§ Information shown:
........

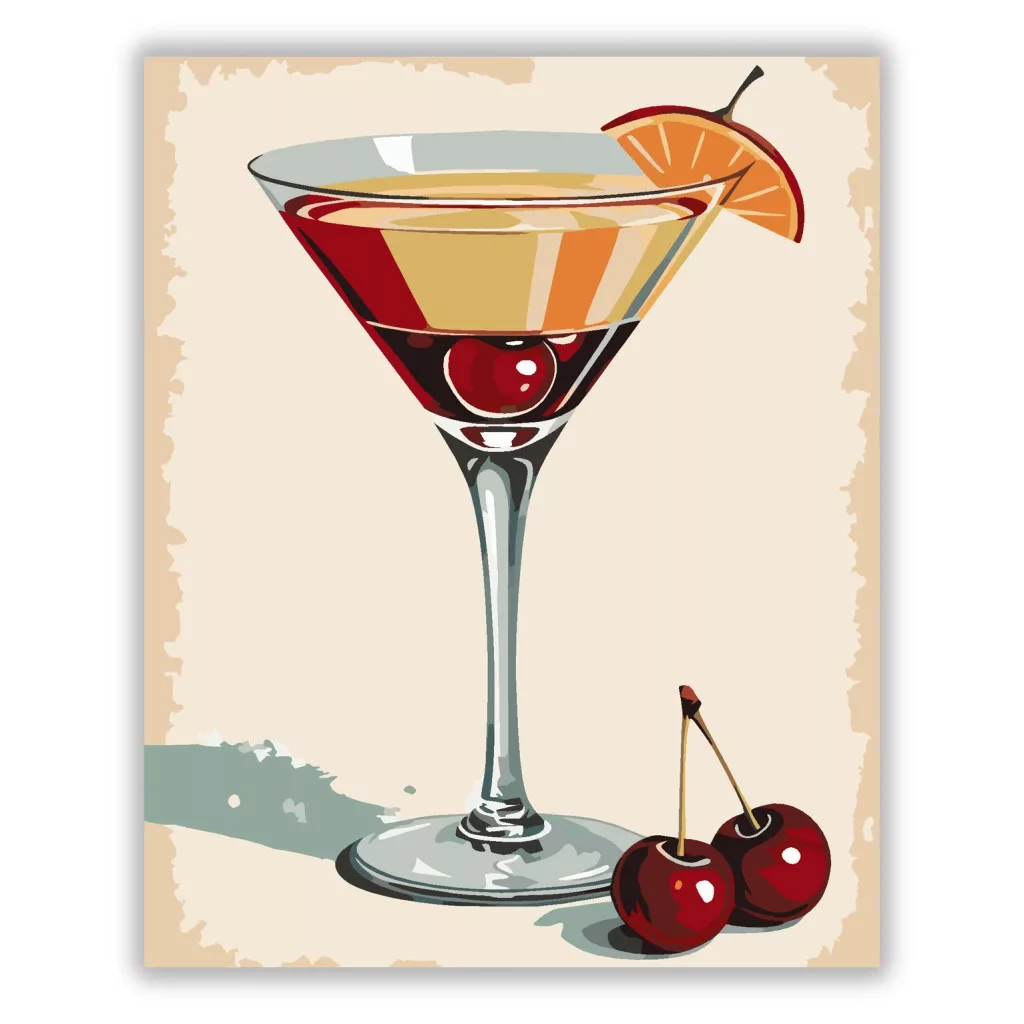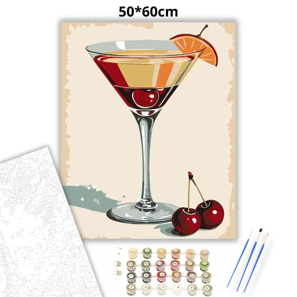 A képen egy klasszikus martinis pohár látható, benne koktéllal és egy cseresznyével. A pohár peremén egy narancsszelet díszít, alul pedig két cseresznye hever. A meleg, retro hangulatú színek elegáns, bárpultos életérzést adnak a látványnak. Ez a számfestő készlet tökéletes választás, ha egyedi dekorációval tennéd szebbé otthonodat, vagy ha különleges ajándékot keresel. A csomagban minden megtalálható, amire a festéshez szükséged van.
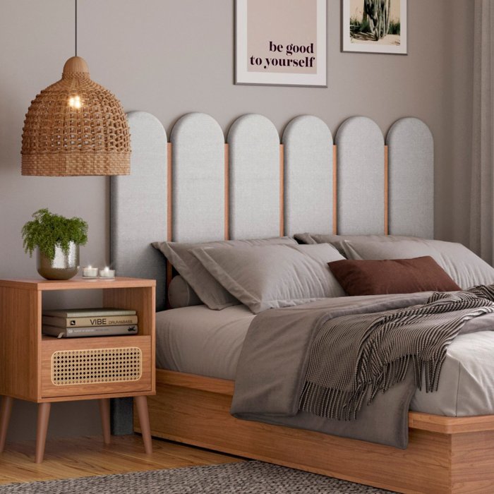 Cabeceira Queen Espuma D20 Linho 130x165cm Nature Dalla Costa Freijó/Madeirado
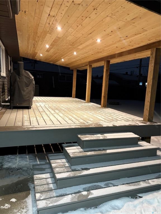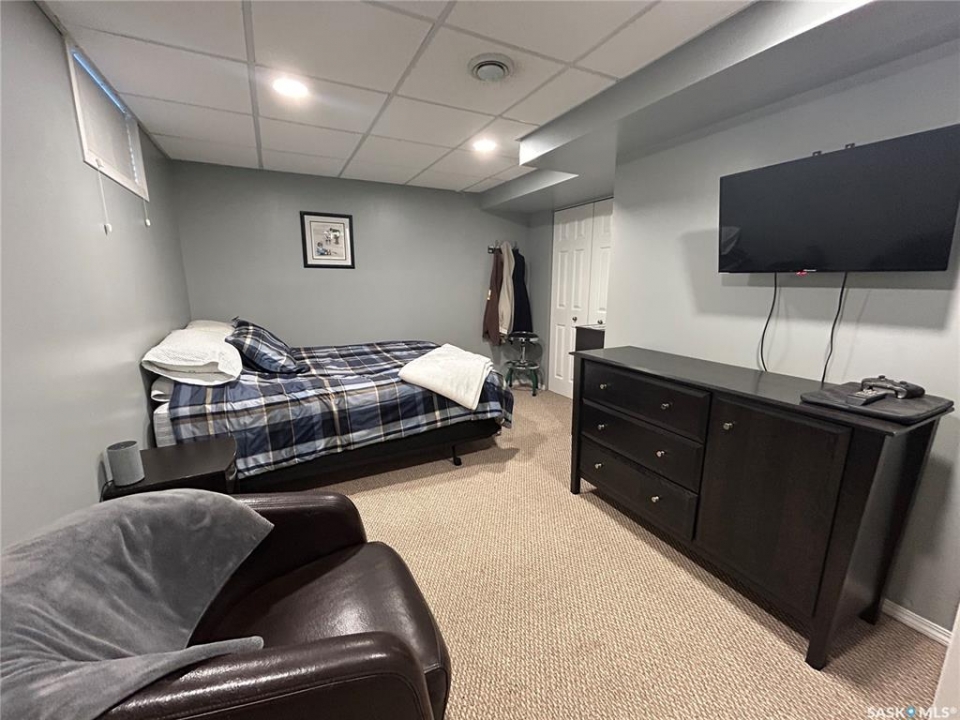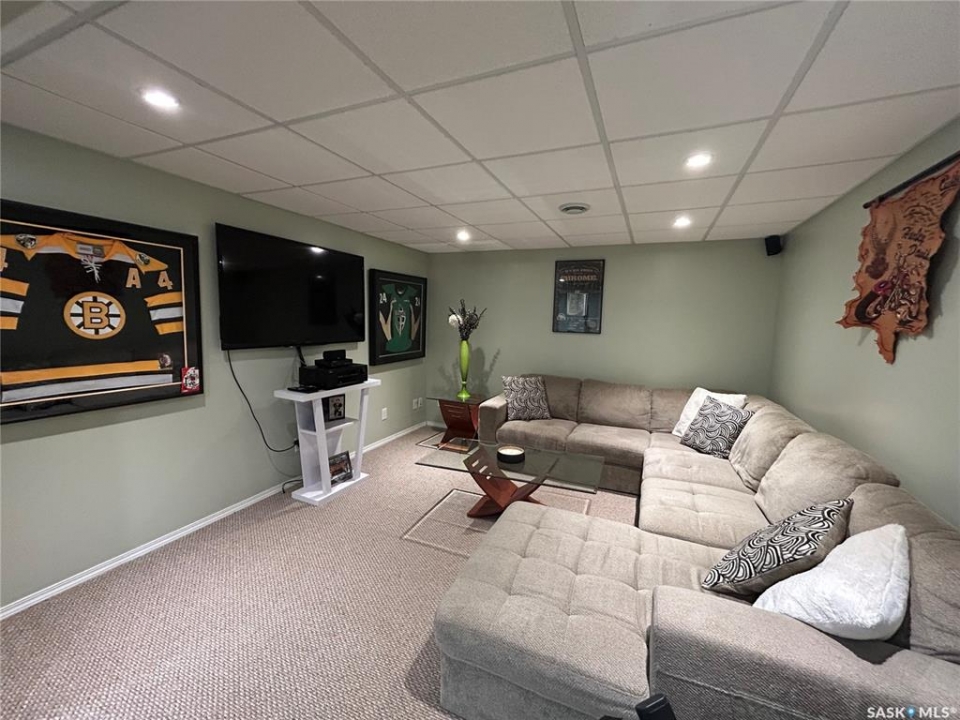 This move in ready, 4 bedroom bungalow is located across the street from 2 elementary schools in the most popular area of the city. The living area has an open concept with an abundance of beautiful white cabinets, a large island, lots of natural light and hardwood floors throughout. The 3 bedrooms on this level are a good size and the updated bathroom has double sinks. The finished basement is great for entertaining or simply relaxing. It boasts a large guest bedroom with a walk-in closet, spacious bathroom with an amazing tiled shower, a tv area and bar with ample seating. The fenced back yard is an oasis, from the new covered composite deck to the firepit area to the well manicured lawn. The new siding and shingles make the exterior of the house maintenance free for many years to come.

........

§ Exercise goal:
Please reproduce the data above word for word, skipping all images.

§ Result:
 A képen egy klasszikus martinis pohár látható, benne koktéllal és egy cseresznyével. A pohár peremén egy narancsszelet díszít, alul pedig két cseresznye hever. A meleg, retro hangulatú színek elegáns, bárpultos életérzést adnak a látványnak. Ez a számfestő készlet tökéletes választás, ha egyedi dekorációval tennéd szebbé otthonodat, vagy ha különleges ajándékot keresel. A csomagban minden megtalálható, amire a festéshez szükséged van.
 Cabeceira Queen Espuma D20 Linho 130x165cm Nature Dalla Costa Freijó/Madeirado
 This move in ready, 4 bedroom bungalow is located across the street from 2 elementary schools in the most popular area of the city. The living area has an open concept with an abundance of beautiful white cabinets, a large island, lots of natural light and hardwood floors throughout. The 3 bedrooms on this level are a good size and the updated bathroom has double sinks. The finished basement is great for entertaining or simply relaxing. It boasts a large guest bedroom with a walk-in closet, spacious bathroom with an amazing tiled shower, a tv area and bar with ample seating. The fenced back yard is an oasis, from the new covered composite deck to the firepit area to the well manicured lawn. The new siding and shingles make the exterior of the house maintenance free for many years to come.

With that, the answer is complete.